Blazing-Fast Performance: One of the most significant advantages of Vaex is its high-performance data processing capabilities. By employing parallelism and optimized algorithms, Vaex accelerates computations and operations on large datasets.
Seamless Integration with Pandas: Vaex provides a pandas-like API, making it easy for users already familiar with pandas to adopt Vaex seamlessly.
Lazy Evaluation and Expression System: The lazy evaluation approach of Vaex postpones actual computations until necessary, reducing unnecessary calculations and optimizing data exploration. Additionally, the expressive expression system allows users to create complex calculations and filters using familiar Python syntax without executing them immediately.

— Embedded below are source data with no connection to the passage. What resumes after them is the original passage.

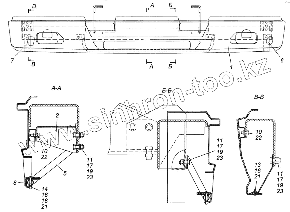 Каталог запасных частей к технике: Камский автозавод 4308. Установка облицовки буфера Э4308-2803004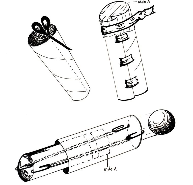 - Pomóż Dzieciom ponownie skleić rolkę, tak aby była na tyle wąska, aby wpasowała się wewnątrz drugiej rurki.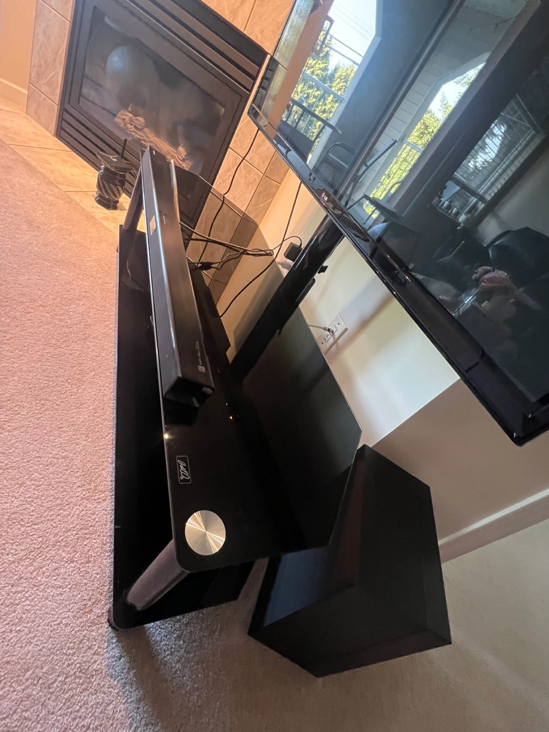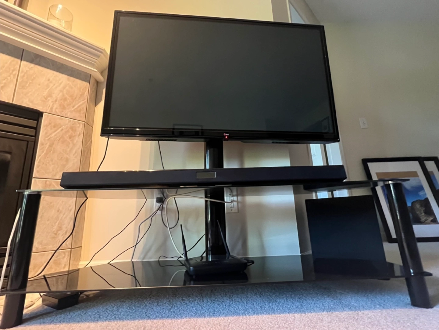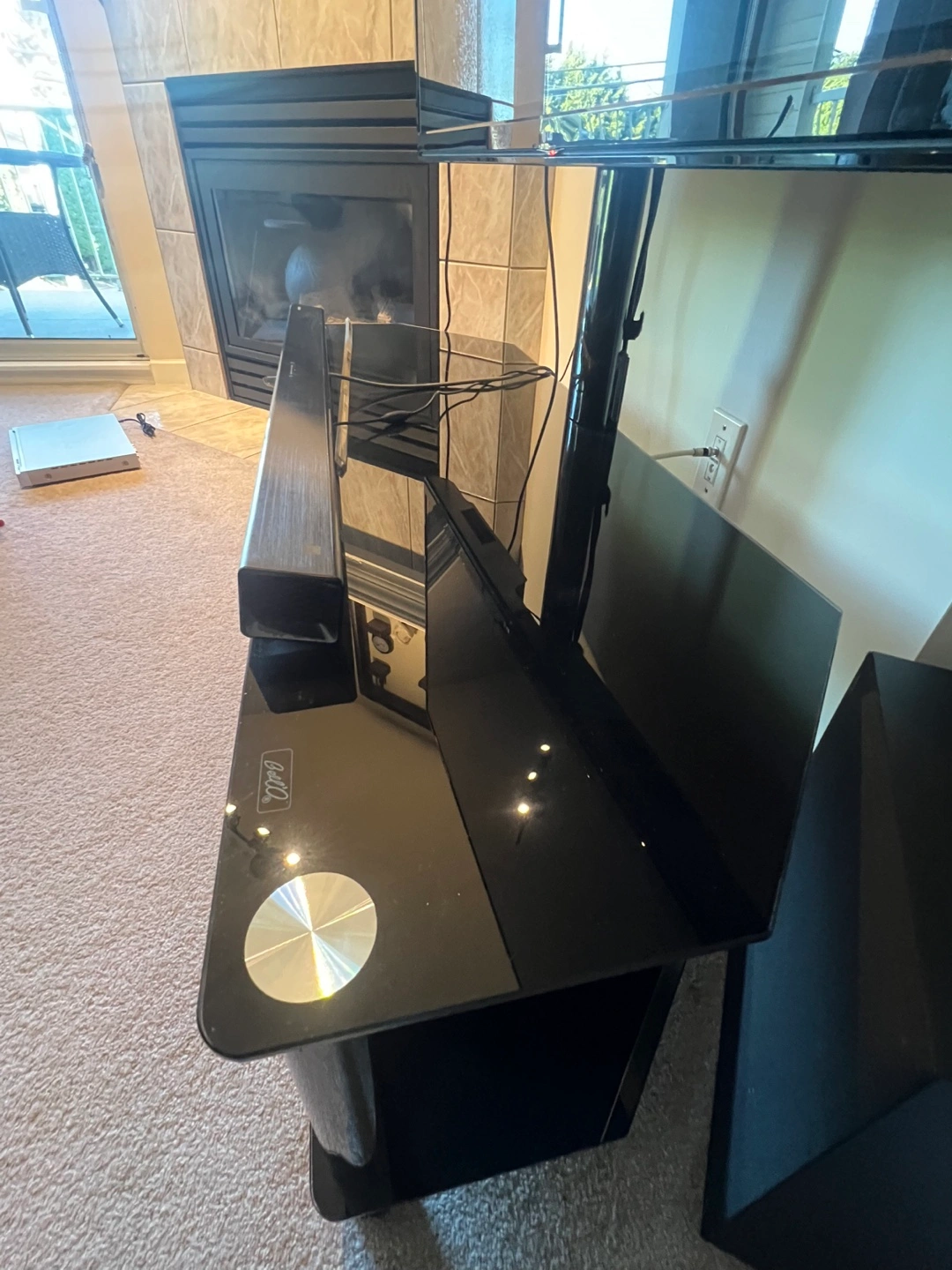 Sleek black glass TV stand. Holds a large flat-screen TV. Excellent for modern living rooms. Excellent conditions no scratches no stains .

Improved Scalability: Vaex is designed to scale efficiently to multi-core CPUs and even distributed computing environments. This scalability enables it to handle large-scale data processing tasks and take advantage of modern hardware, making it suitable for high-performance computing and big data analysis.
Advanced Visualization: Vaex provides visualization capabilities that work seamlessly with large datasets. It integrates with popular plotting libraries like Matplotlib and Plotly, allowing users to create insightful visualizations directly from Vaex DataFrames without the need for downsampling or data reduction.

Conclusion

To wrap up, Vaex is a game-changer for analyzing big data. It tackles large datasets by using memory smartly and performing super-fast calculations. Its ability to handle big data without losing accuracy sets it apart, and its speed is impressive. Vaex is friendly too, with an easy way to write complex calculations and to visualize data. Transitioning from pandas is a breeze, making it accessible. In the era of data overload, Vaex is your go-to strategy, making big data analysis fun and efficient, all while outperforming pandas in the big leagues.